[INPUT DATA]:
<<<<

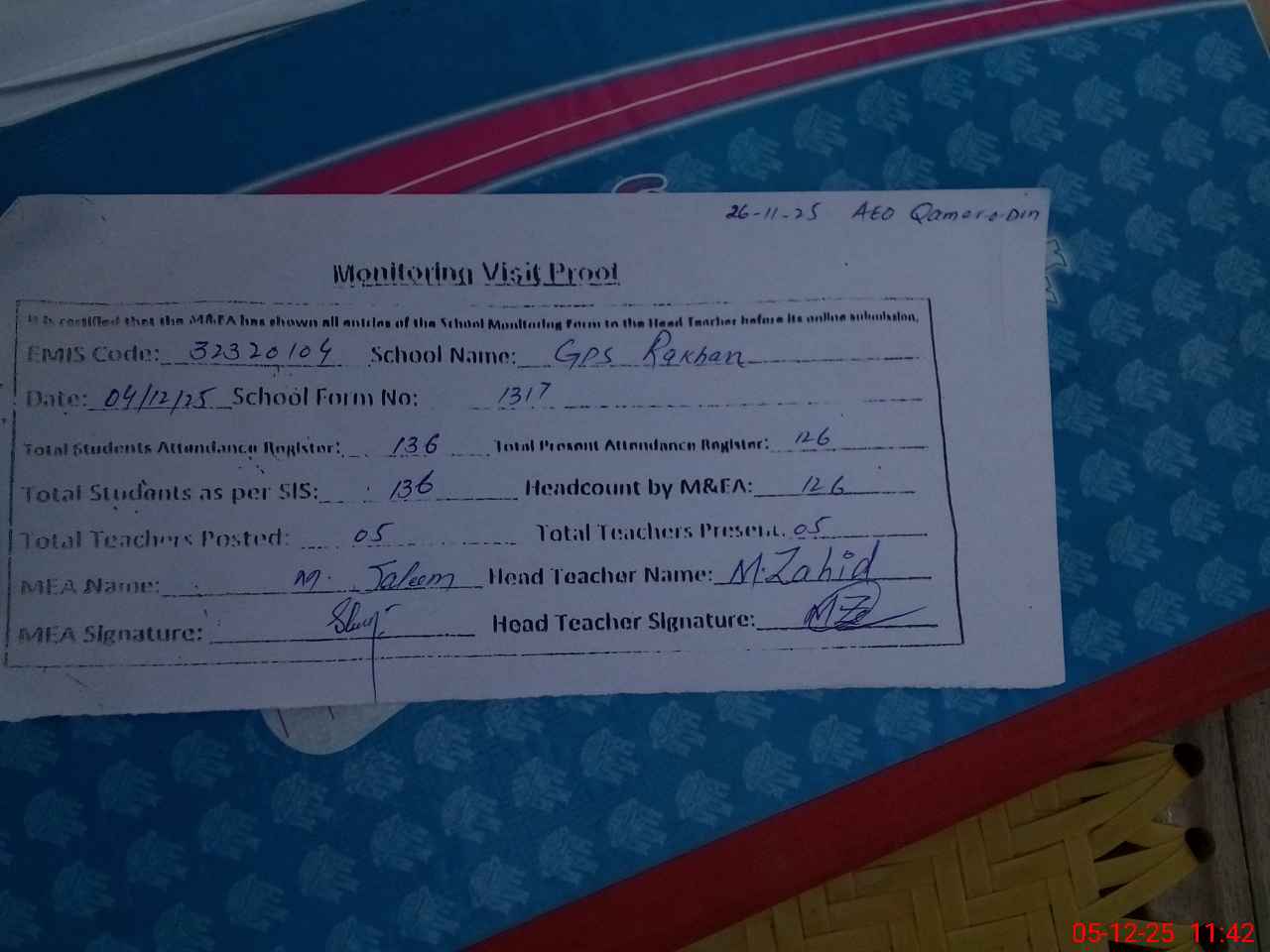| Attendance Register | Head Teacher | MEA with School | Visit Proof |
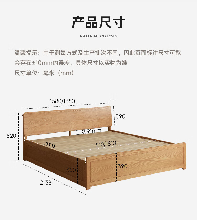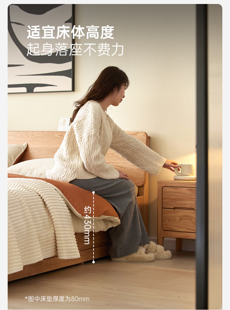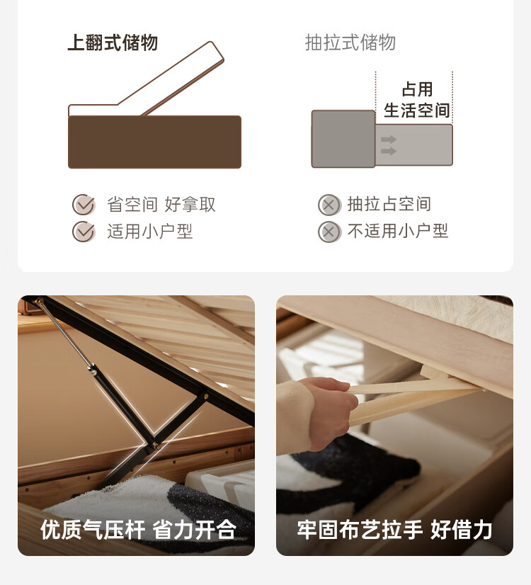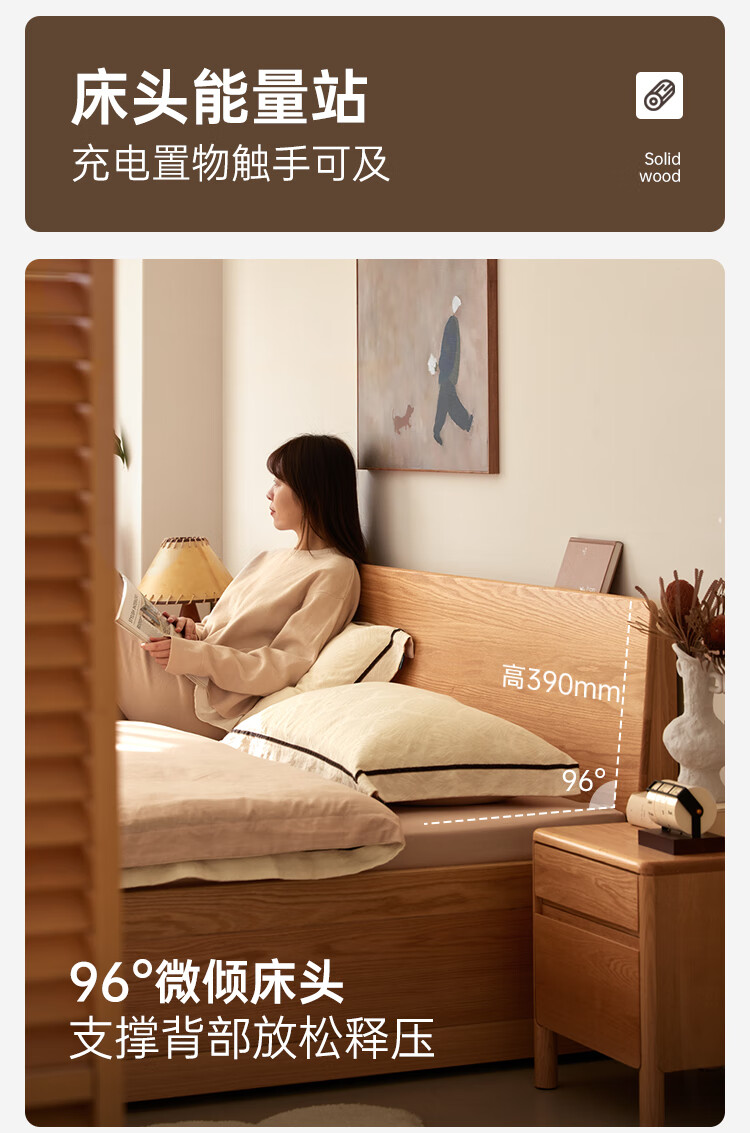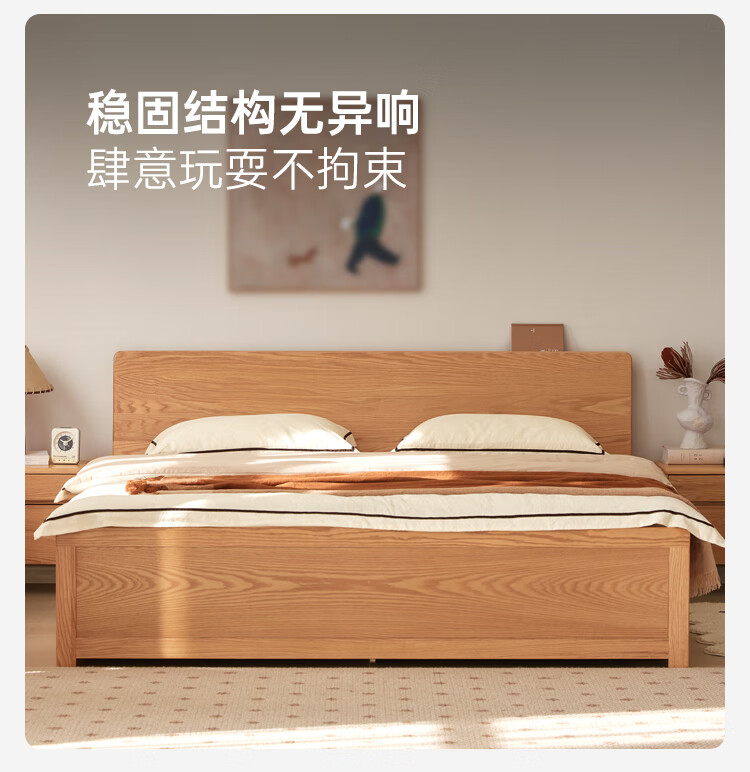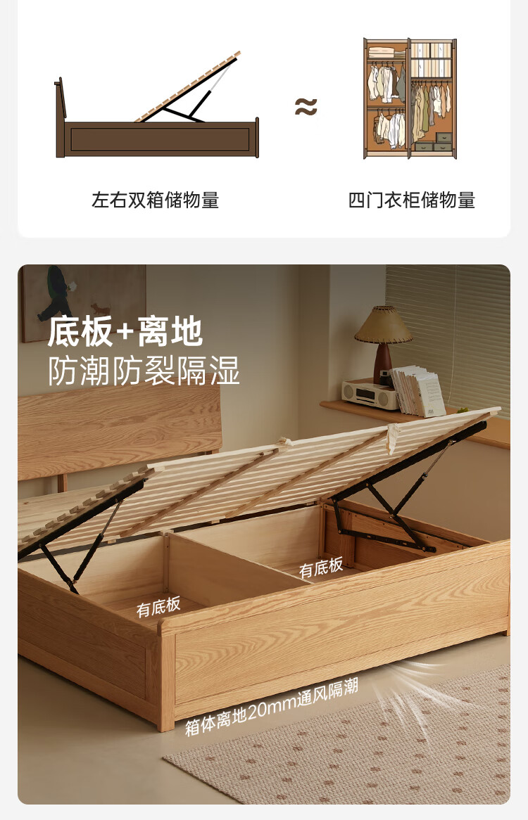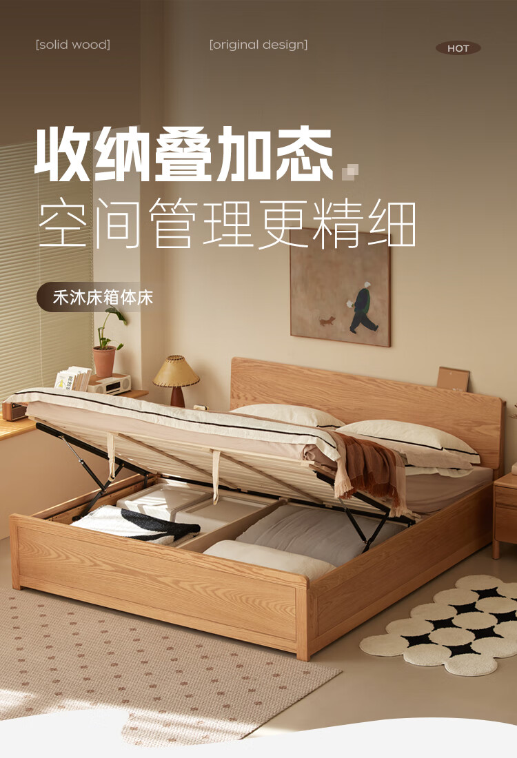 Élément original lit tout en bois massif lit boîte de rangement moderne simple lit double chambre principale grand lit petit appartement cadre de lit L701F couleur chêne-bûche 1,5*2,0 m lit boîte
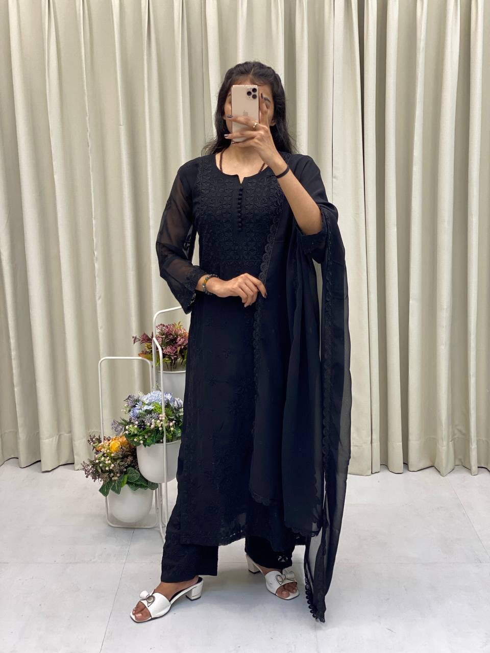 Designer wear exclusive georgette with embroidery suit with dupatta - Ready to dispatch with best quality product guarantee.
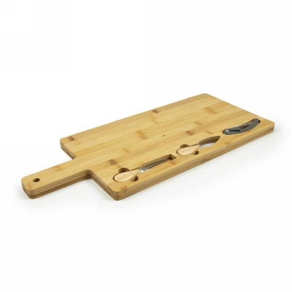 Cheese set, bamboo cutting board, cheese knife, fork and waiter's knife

>>>>

[ASSIGNMENT]: Once the pictures are removed, print all the remaining data exactly as it stands.

[EXERCISE RESULT]:
| Attendance Register | Head Teacher | MEA with School | Visit Proof |
 Élément original lit tout en bois massif lit boîte de rangement moderne simple lit double chambre principale grand lit petit appartement cadre de lit L701F couleur chêne-bûche 1,5*2,0 m lit boîte
 Designer wear exclusive georgette with embroidery suit with dupatta - Ready to dispatch with best quality product guarantee.
 Cheese set, bamboo cutting board, cheese knife, fork and waiter's knife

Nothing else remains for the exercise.